If only some of the training data were AI-generated, the decline would be slower or more subtle. But it would still occur, researchers say, unless the synthetic data was complemented with a lot of new, real data.
This problem is not just confined to text. Another team of researchers at Rice University studied what would happen when the kinds of AI that generate images are repeatedly trained on their own output – a problem that could already be occurring as AI-generated images flood the web.
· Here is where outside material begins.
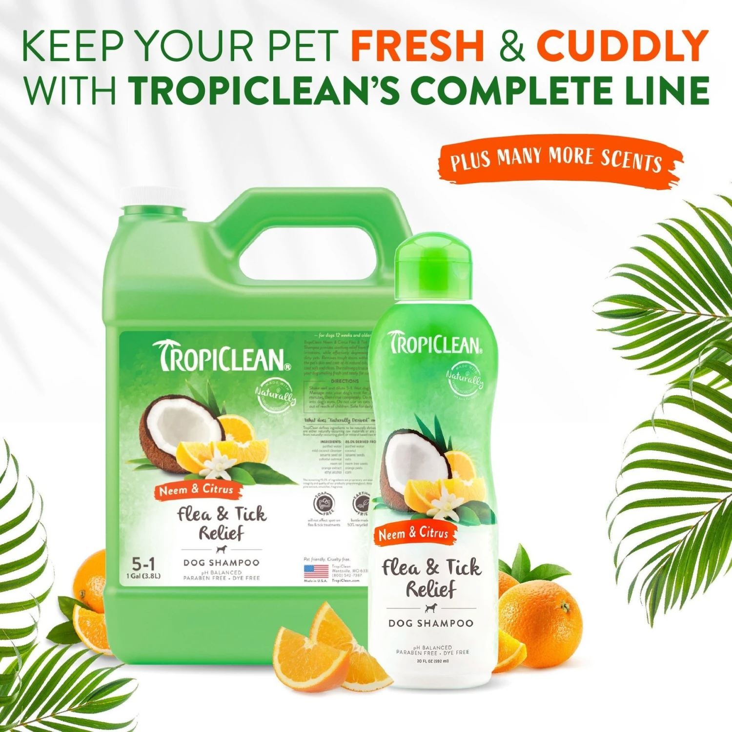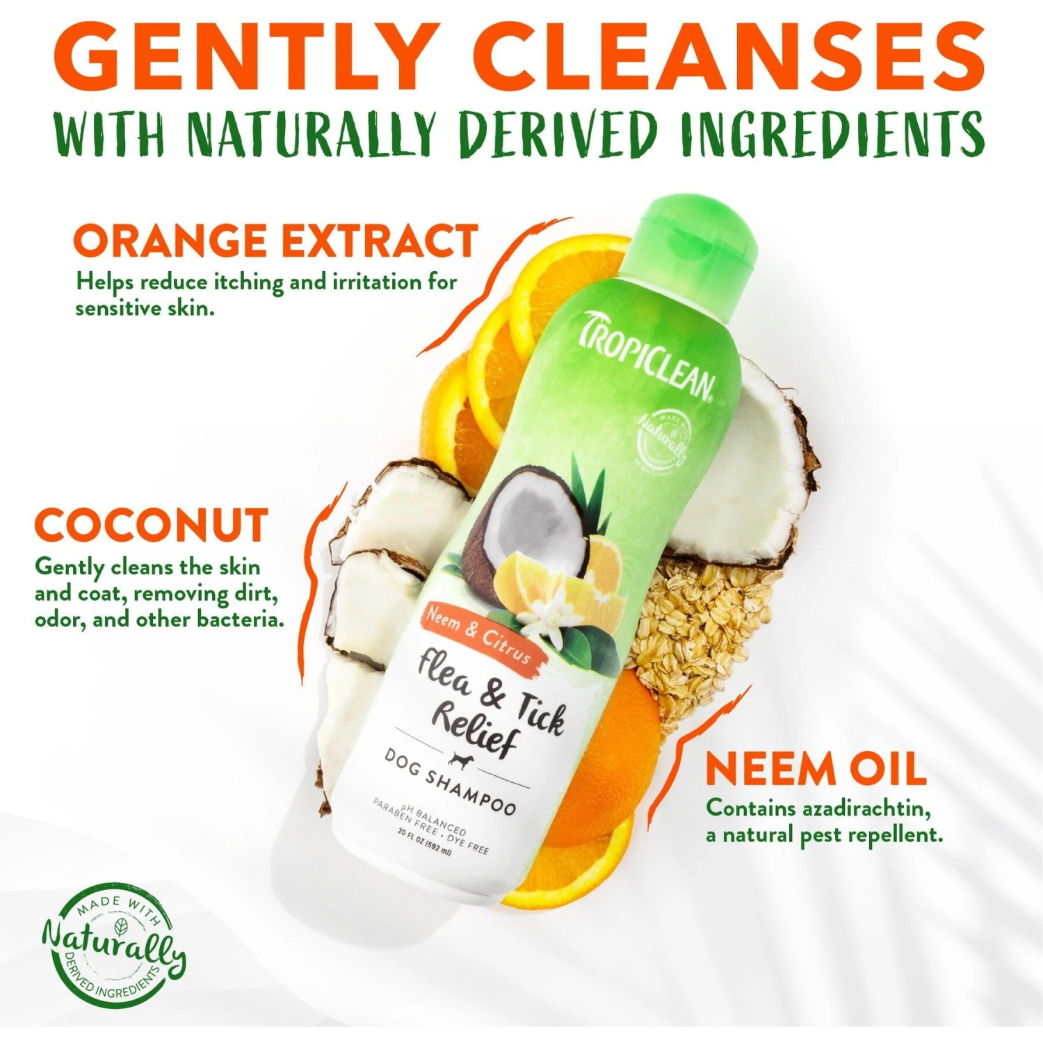 - For a tropical experience, pair this shampoo with TropiClean’s other flea and tick products like the bite relief spray or the dog and bedding spray (each sold separately).

They found that glitches and image artifacts started to build up in the AI’s output, eventually producing distorted images with wrinkled patterns and mangled fingers.
“You’re kind of drifting into parts of the space that are like a no-fly zone,” said Richard Baraniuk, a professor at Rice who led the research on AI image models.
The researchers found that the only way to stave off this problem was to ensure that the AI was also trained on a sufficient supply of new, real data.
While selfies are certainly not in short supply on the Internet, there could be categories of images where AI output outnumbers genuine data, they said.
For example, AI-generated images in the style of Vincent van Gogh could outnumber actual photographs of van Gogh paintings in AI’s training data, and this may lead to errors and distortions in future AI output in that style. (The researchers said these problems are hard to identify early on, in part because the leading AI models are closed to outside scrutiny.)
All of these problems arise because AI-generated data is a poor substitute for the real thing.
This is sometimes easy to see, like when chatbots state absurd facts or when AI-generated hands have too many fingers. But the differences that lead to model collapse aren’t necessarily obvious – and they can be difficult to detect.
Why it matters
This doesn’t mean generative AI will grind to a halt anytime soon.
The companies that make these tools are aware of these problems, and they will notice if their AI systems start to deteriorate in quality.
But it may slow things down. As existing sources of data dry up or become contaminated with AI “slop,” researchers say it makes it harder for newcomers to compete.
AI-generated words and images are already beginning to flood social media and the wider web. They are even hiding in some of the data sets used to train AI, the Rice researchers found.
“The web is becoming increasingly a dangerous place to look for your data,” said Sina Alemohammad, a graduate student at Rice who studied how AI contamination affects image models.
Big players will be affected, too. Computer scientists at New York University found that when there is a lot of AI-generated content in the training data, it takes more computing power to train AI – which translates into more energy and more money.
“Models won’t scale anymore as they should be scaling,” said Julia Kempe, the NYU professor who led the work.
Ways out
Perhaps the biggest takeaway of this research is that high-quality, diverse data is valuable and hard for computers to emulate.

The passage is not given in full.